◆ Task details
Your task is to copy exactly the lines from the line containing "Vektor realistický pohled" through the end of the listing below, with pictures left out.

◆ Supplied information

[Start of Attachment]

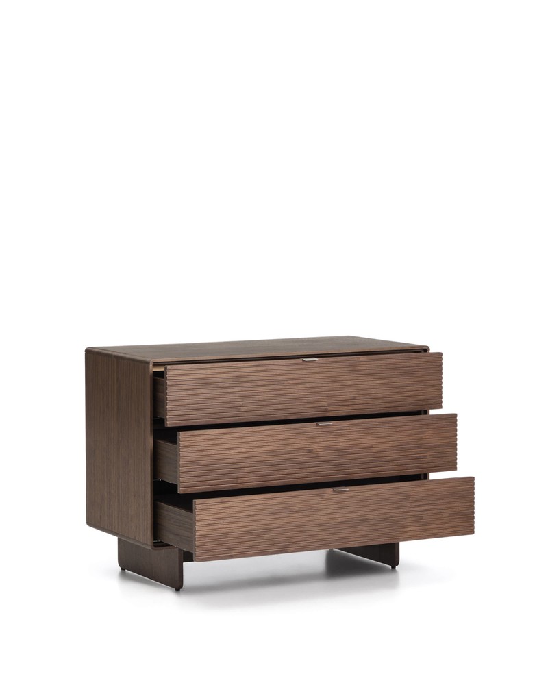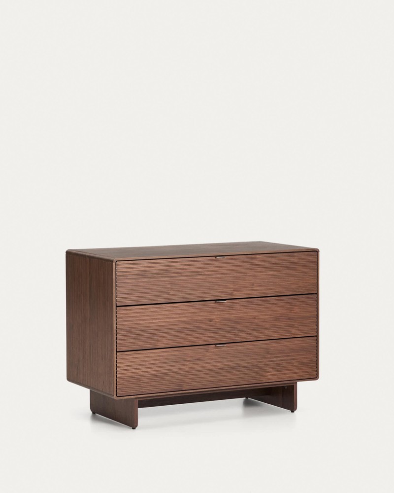 Diese elegante Kommode vereint modernes Design mit hochwertiger Verarbeitung und wird so zu einem stilvollen Highlight in Ihrem Zuhause. Gefertigt aus robustem MDF und veredelt mit edlem Walnussfurnier, überzeugt sie durch ihre warme, natürliche Ausstrahlung und eine harmonische Holzmaserung. Die zeitlose Optik lässt sich vielseitig kombinieren und fügt sich sowohl in moderne als auch in klassische Einrichtungskonzepte nahtlos ein. Drei großzügige Schubladen bieten Ihnen viel Stauraum für Kleidung, Unterlagen, Wohnaccessoires oder Alltagsgegenstände. Dank der verdeckt integrierten Führungen entsteht ein besonders klares und hochwertiges Gesamtbild. Das komfortable Soft-Close-System sorgt dafür, dass sich die Schubladen sanft und nahezu geräuschlos schließen – für mehr Wohnkomfort und eine angenehme Atmosphäre in Ihren Räumen. Die Griffe aus gebürstetem, rostfreiem Edelstahl setzen einen modernen Akzent. Ihr satiniertes Finish reduziert die Sichtbarkeit von Fingerabdrücken und feinen Kratzern und trägt so zu einer dauerhaft gepflegten Optik bei. Durch das leicht geneigte Design lassen sich die Schubladen besonders bequem und ergonomisch öffnen. Praktische Stellfüße ermöglichen Ihnen zudem den einfachen Ausgleich von Bodenunebenheiten. So steht die Kommode jederzeit stabil und sicher – selbst auf leicht unebenen Untergründen. Mit ihren Maßen von ca. 101 cm Breite, 75 cm Höhe und 50 cm Tiefe bietet Ihnen die Kommode eine ideale Kombination aus kompaktem Format und großzügigem Stauraum. Sie erhalten ein Möbelstück, das Funktionalität, Komfort und zeitlose Eleganz auf harmonische Weise miteinander verbindet.
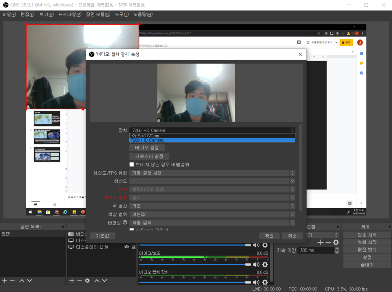 ※ 당연한 이야기지만 얼굴 녹화를 위해서는 별도의 웹캠 또는 노트북의 내장 웹캠이 있어야 합니다!
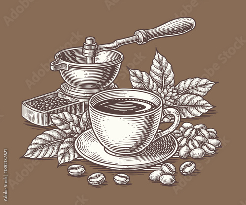Vektor realistický pohled shora šálek kávy s náčrtem sladkosti kolem něj. Doodle kobliha, dort, košíček, croissant a kávové nápoje. Skica vintage káva pozadí.
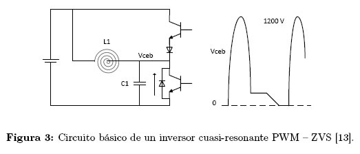 En este inversor híbrido los interruptores de potencia son remplazados por interruptores resonantes. El interruptor resonante es un circuito compuesto por un interruptor de potencia y dos elementos de resonancia Lr y Cr y se clasifican en: interruptores resonantes de corriente cero e interruptores resonantes de voltaje cero. En los interruptores resonantes de corriente cero la inductancia Lr se conecta en serie con el interruptor de potencia para obtener la conmutación por ZCS y puede operar en modo de media onda o de onda completa. Los interruptores resonantes de voltaje cero se presentan cuando el condensador Cr se conecta en paralelo con el interruptor para obtener la conmutación por voltaje cero (ZVS), puede operar en modo de media onda o de onda completa [24]. Wang et al. [13] estudiaron un inversor cuasi-resonante serie con regulación de potencia de salida variable con frecuencia fija y múltiples salidas (múltiples quemadores), conmutación por ZVS y control de PWM. Esta topología fue exitosa con IGBT de conducción inversa y de bloqueo inverso. La Figura 3 presenta un circuito típico de inversor cuasi-resonante (IQR) PWM-ZVS.

[End of Attachment]

◆ Task response
Vektor realistický pohled shora šálek kávy s náčrtem sladkosti kolem něj. Doodle kobliha, dort, košíček, croissant a kávové nápoje. Skica vintage káva pozadí.
 En este inversor híbrido los interruptores de potencia son remplazados por interruptores resonantes. El interruptor resonante es un circuito compuesto por un interruptor de potencia y dos elementos de resonancia Lr y Cr y se clasifican en: interruptores resonantes de corriente cero e interruptores resonantes de voltaje cero. En los interruptores resonantes de corriente cero la inductancia Lr se conecta en serie con el interruptor de potencia para obtener la conmutación por ZCS y puede operar en modo de media onda o de onda completa. Los interruptores resonantes de voltaje cero se presentan cuando el condensador Cr se conecta en paralelo con el interruptor para obtener la conmutación por voltaje cero (ZVS), puede operar en modo de media onda o de onda completa [24]. Wang et al. [13] estudiaron un inversor cuasi-resonante serie con regulación de potencia de salida variable con frecuencia fija y múltiples salidas (múltiples quemadores), conmutación por ZVS y control de PWM. Esta topología fue exitosa con IGBT de conducción inversa y de bloqueo inverso. La Figura 3 presenta un circuito típico de inversor cuasi-resonante (IQR) PWM-ZVS.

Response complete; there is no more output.